▶ _PROBLEM TO SOLVE_
Excluding pictures, what does the listing below contain from the line with "А вот так я" up to and including the line with "- Une Polish", word for word?

▶ _TASK INPUT_
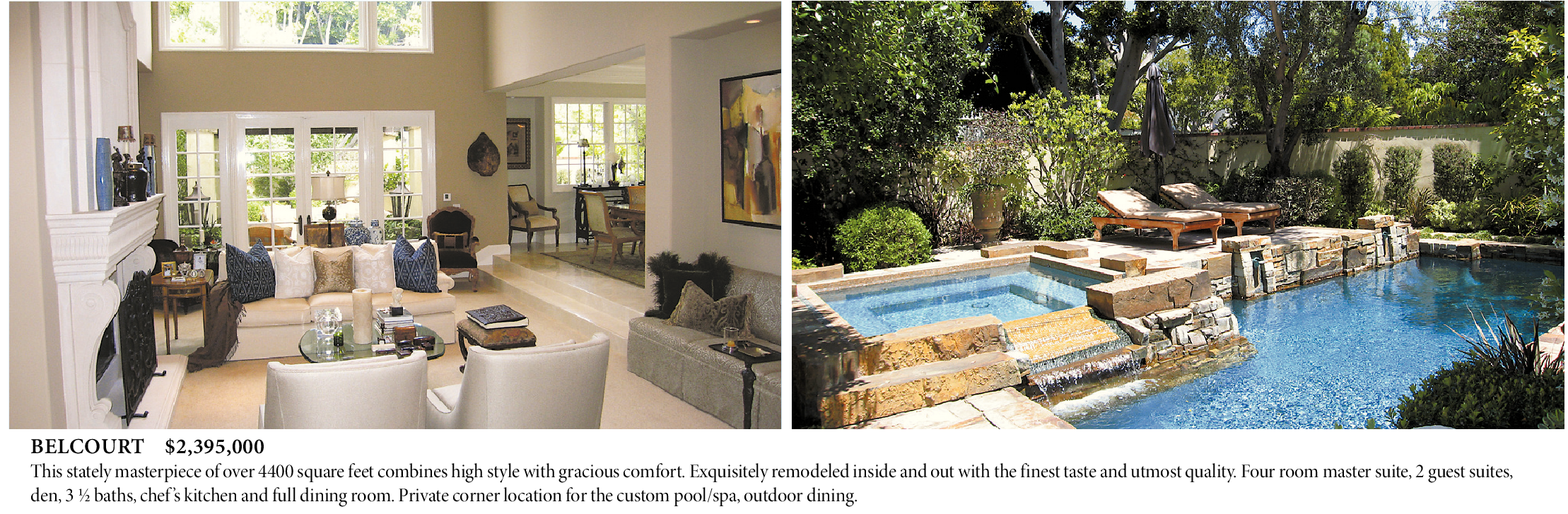 BELCOURT $2,395,000 This stately masterpiece of over 4400 square feet combines high style with gracious comfort. Exquisitely remodeled inside and out with the finest taste and utmost quality. Four room master suite, 2 guest suites, den, 3 ½ baths, chef ’s kitchen and full dining room. Private corner location for the custom pool/spa, outdoor dining.
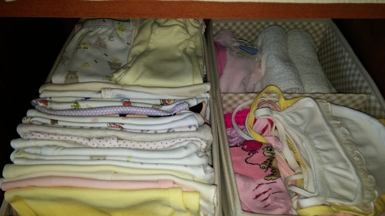 А вот так я организовала хранение вещичек на первое время) так радует глаз, вчера закончила с глажкой, разложила) а теперь хожу любуюсь) очень рада, что в этот раз приобрели в Икеа эти коробочки! Очень удобно.
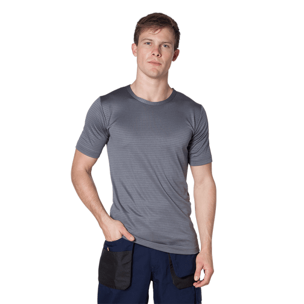 Das bequemste Unterhemd unter Ihrem Lackieranzug. Das BodyGuard® Unterhemd von Colad ist die perfekte Wahl für das richtige Darunter für Ihren BodyGuard® Lackieranzug von Colad oder anderen Lackieranzügen. Gefertigt aus Vogelaugenstricktechnik zur Regulierung der Körperwärme. Das Gewebe enthält 1% Karbon, verfügt dadurch über antistatische Eigenschaften und klebt nicht an Ihrem Körper oder dem Lackieranzug. Im Gegensatz zu den üblichen Baumwoll- oder Nylonhemden zieht dieses Unterhemd keinen Staub an. Darüber hinaus garantiert die enge Passform optimale Bewegungsfreiheit und sorgt für höchsten Tragekomfort über den ganzen Arbeitstag.- Enge, Elastische Passform für optimale Bewegungsfreiheit
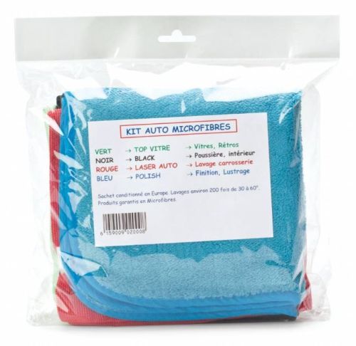 - Une Polish 40 x 40 cm pour la Finition - Une Black 40 x 40 cm pour la Poussière - Une Top Vitre 40 x 40 cm pour les Vitres - Une Tricot Laser Auto 40 x 40 cm pour le Lavage
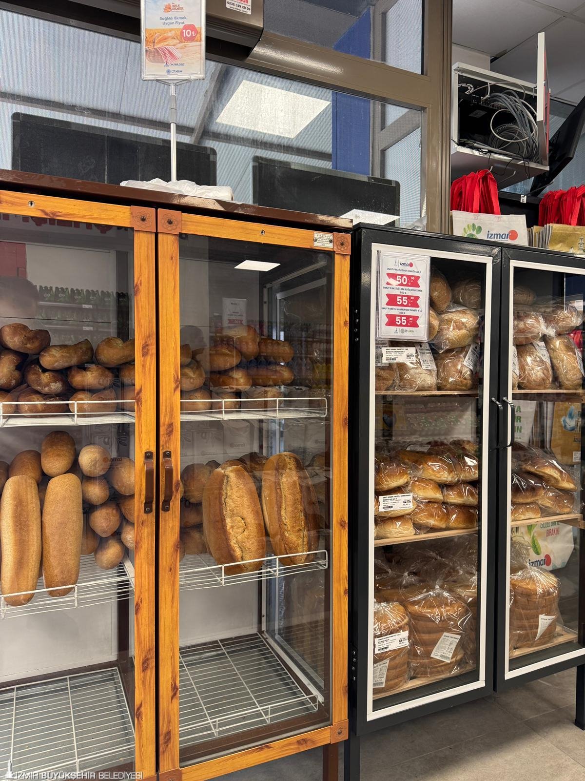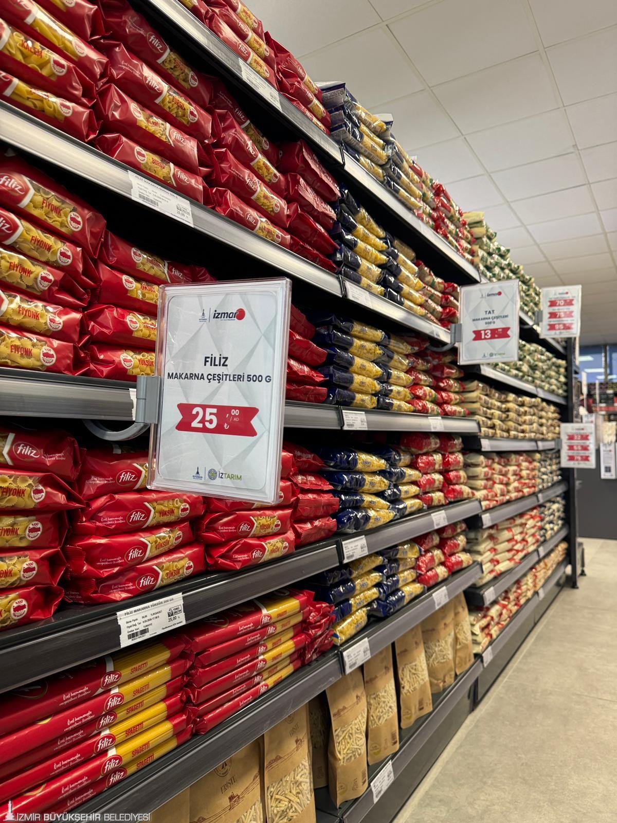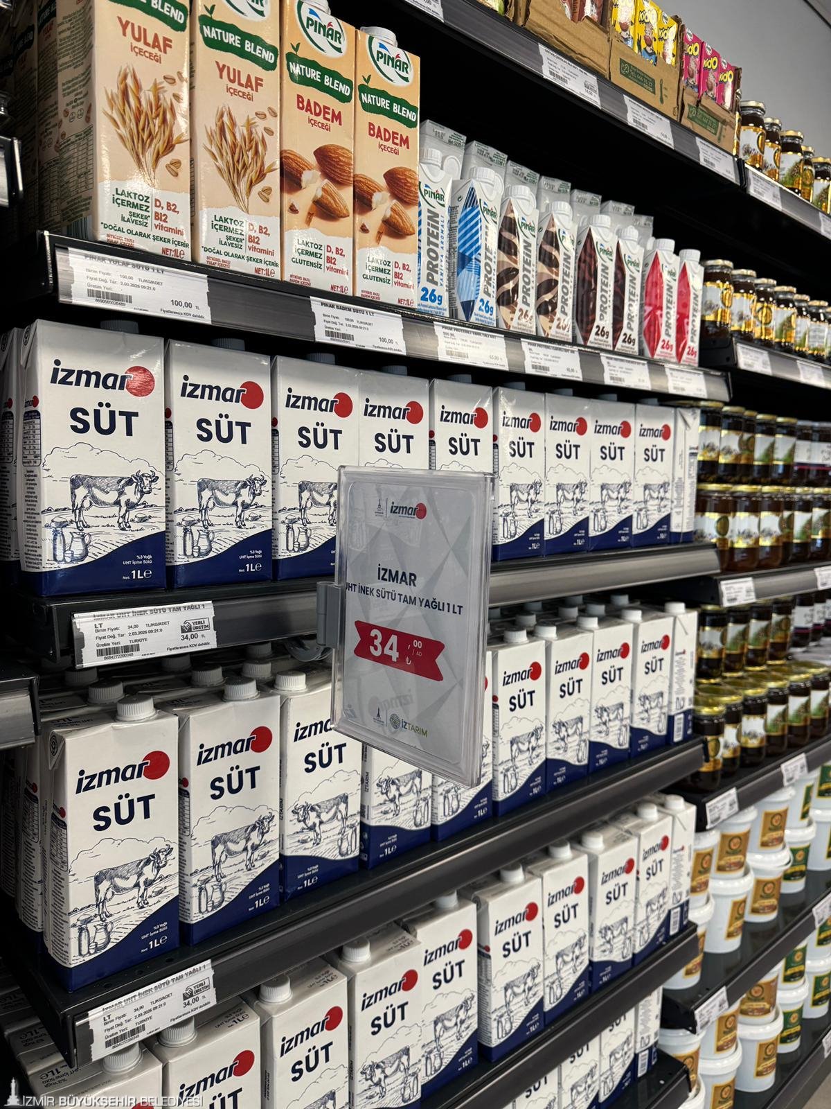 İZMAR’ın yeni mağazasında İZTARIM’ın Bayındır Süt Fabrikası’nda üretilen İZMAR markalı tam yağlı taze beyaz peynir, ilk kez satışa çıktı. Piyasada yarım kilosu 300 liraya kadar çıkan beyaz peynir, 120 liradan vatandaşların beğenisine sunuldu. Tamamen yerli üreticiden alınan sütlerle hazırlanan İZMAR markalı taze kaşar peyniri, tereyağı, yoğurt, UHT süt, ayran ile Ödemiş Et Entegre Tesisi’nde işlenen et ve et ürünleri, Şaşal Su ve Halk Ekmek ürünleri İZMAR raflarında yerini aldı.

▶ _ANSWER BELOW_
 А вот так я организовала хранение вещичек на первое время) так радует глаз, вчера закончила с глажкой, разложила) а теперь хожу любуюсь) очень рада, что в этот раз приобрели в Икеа эти коробочки! Очень удобно.
 Das bequemste Unterhemd unter Ihrem Lackieranzug. Das BodyGuard® Unterhemd von Colad ist die perfekte Wahl für das richtige Darunter für Ihren BodyGuard® Lackieranzug von Colad oder anderen Lackieranzügen. Gefertigt aus Vogelaugenstricktechnik zur Regulierung der Körperwärme. Das Gewebe enthält 1% Karbon, verfügt dadurch über antistatische Eigenschaften und klebt nicht an Ihrem Körper oder dem Lackieranzug. Im Gegensatz zu den üblichen Baumwoll- oder Nylonhemden zieht dieses Unterhemd keinen Staub an. Darüber hinaus garantiert die enge Passform optimale Bewegungsfreiheit und sorgt für höchsten Tragekomfort über den ganzen Arbeitstag.- Enge, Elastische Passform für optimale Bewegungsfreiheit
 - Une Polish 40 x 40 cm pour la Finition - Une Black 40 x 40 cm pour la Poussière - Une Top Vitre 40 x 40 cm pour les Vitres - Une Tricot Laser Auto 40 x 40 cm pour le Lavage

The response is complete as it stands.